• [YOUR OBJECTIVE] Nothing but the lines from the one containing "I waited two" to the final line of the entries should appear, copied exactly and without pictures.

*** PROVIDED RECORDS ***

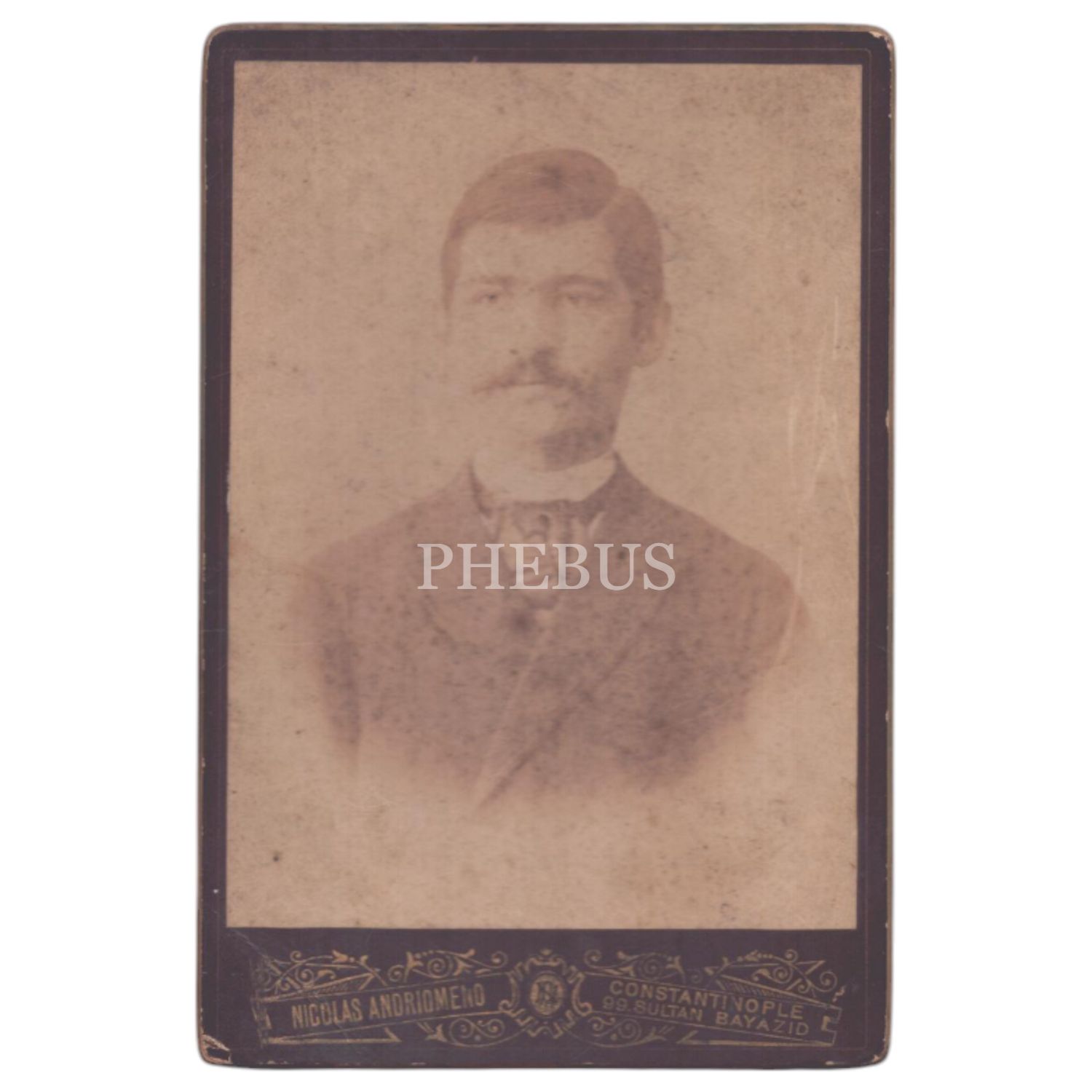 Şık giyimli beyefendinin stüdyo hatıra fotoğrafı, 14x9 cm...
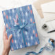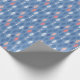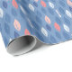 Raposas bonitas perseguindo folhas - papel de embrulho. Uma gama de matizes azuis misturados com tons de coral sobre um fundo azul tranquilo.
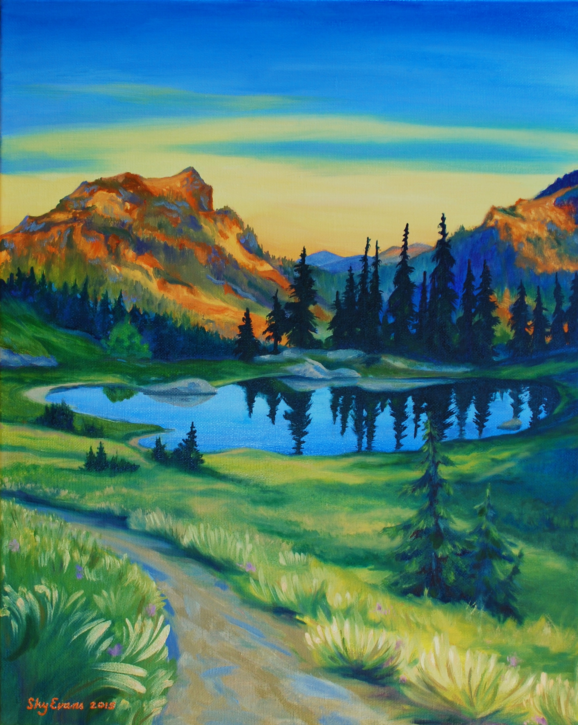 I waited two days to go back into the studio. I just couldn’t bear to look at it. I had never scrubbed out a canvas before, it felt like a failure. But two days later, I was ready to get back to work. I followed the faint leftovers of pencil lines that were under the first orange outline and redrew the sketch. Instead of the high resolution image, I went back to my original Facebook clipping. That picture, I altered to be bolder, more saturated in color than the photograph Judy had taken. I made it small and took off my glasses to blur the details. I needed to see blocks of colors, not every single rock and tree. I put on a favorite CD and lost myself in Spectacle Lake.
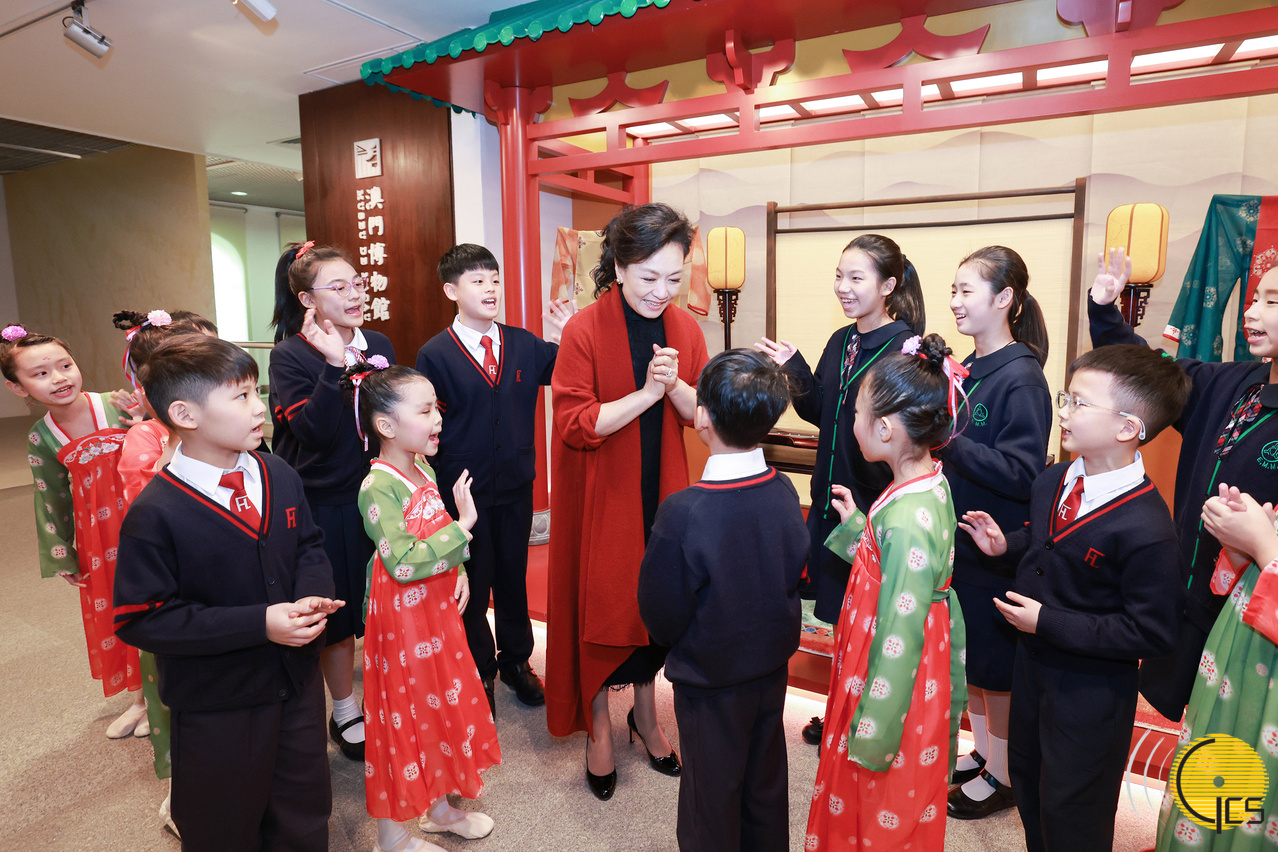 12月19日上午,國家主席習近平夫人彭麗媛在澳門特別行政區行政長官賀一誠夫人鄭素貞陪同下,來到澳門博物館參觀。這是在博物館三層大堂,彭麗媛和剛剛參觀完展覽的小朋友們交流參觀感受。(新華社圖片)
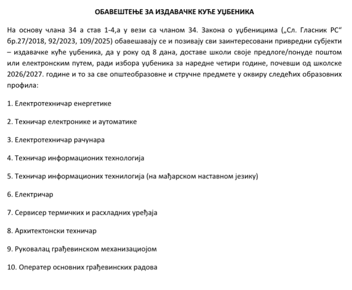 ОБАВЕШТЕЊЕ ЗА ИЗДАВАЧКЕ КУЋЕ УЏБЕНИКА
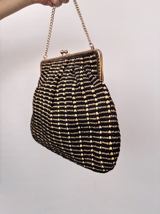 1950s Black And Yellow Wool Evening Bag With Chain Strap

***

• [RESULT OF THIS TASK]
 I waited two days to go back into the studio. I just couldn’t bear to look at it. I had never scrubbed out a canvas before, it felt like a failure. But two days later, I was ready to get back to work. I followed the faint leftovers of pencil lines that were under the first orange outline and redrew the sketch. Instead of the high resolution image, I went back to my original Facebook clipping. That picture, I altered to be bolder, more saturated in color than the photograph Judy had taken. I made it small and took off my glasses to blur the details. I needed to see blocks of colors, not every single rock and tree. I put on a favorite CD and lost myself in Spectacle Lake.
 12月19日上午,國家主席習近平夫人彭麗媛在澳門特別行政區行政長官賀一誠夫人鄭素貞陪同下,來到澳門博物館參觀。這是在博物館三層大堂,彭麗媛和剛剛參觀完展覽的小朋友們交流參觀感受。(新華社圖片)
 ОБАВЕШТЕЊЕ ЗА ИЗДАВАЧКЕ КУЋЕ УЏБЕНИКА
 1950s Black And Yellow Wool Evening Bag With Chain Strap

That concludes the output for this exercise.